**Task statement:**
Find "Grande piatto. Argenteria" below and begin at its line; stop after the line with "農機センター5月休業日のお知らせ". Output those lines exactly, without pictures.

Entries shown Start Marker

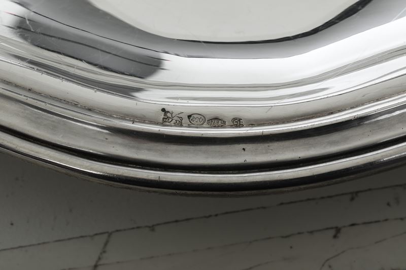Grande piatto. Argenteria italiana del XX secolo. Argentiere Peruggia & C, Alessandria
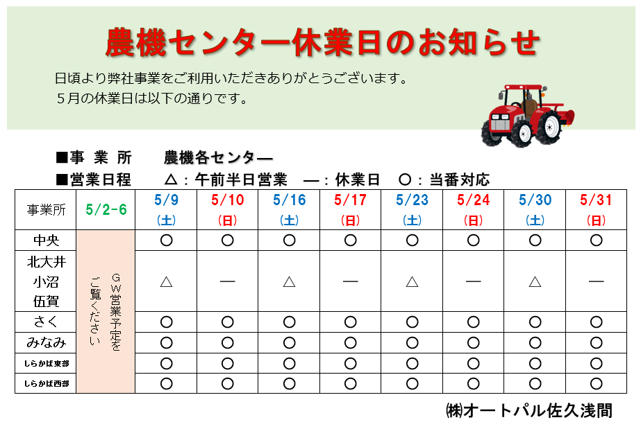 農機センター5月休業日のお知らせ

Entries shown End Marker
Entries shown Start Marker

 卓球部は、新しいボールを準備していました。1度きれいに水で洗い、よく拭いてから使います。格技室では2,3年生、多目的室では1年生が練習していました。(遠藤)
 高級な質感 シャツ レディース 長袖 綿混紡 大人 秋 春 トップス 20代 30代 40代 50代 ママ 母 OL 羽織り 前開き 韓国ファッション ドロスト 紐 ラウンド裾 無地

Entries shown End Marker

**Reply to the exercise:**
Grande piatto. Argenteria italiana del XX secolo. Argentiere Peruggia & C, Alessandria
 農機センター5月休業日のお知らせ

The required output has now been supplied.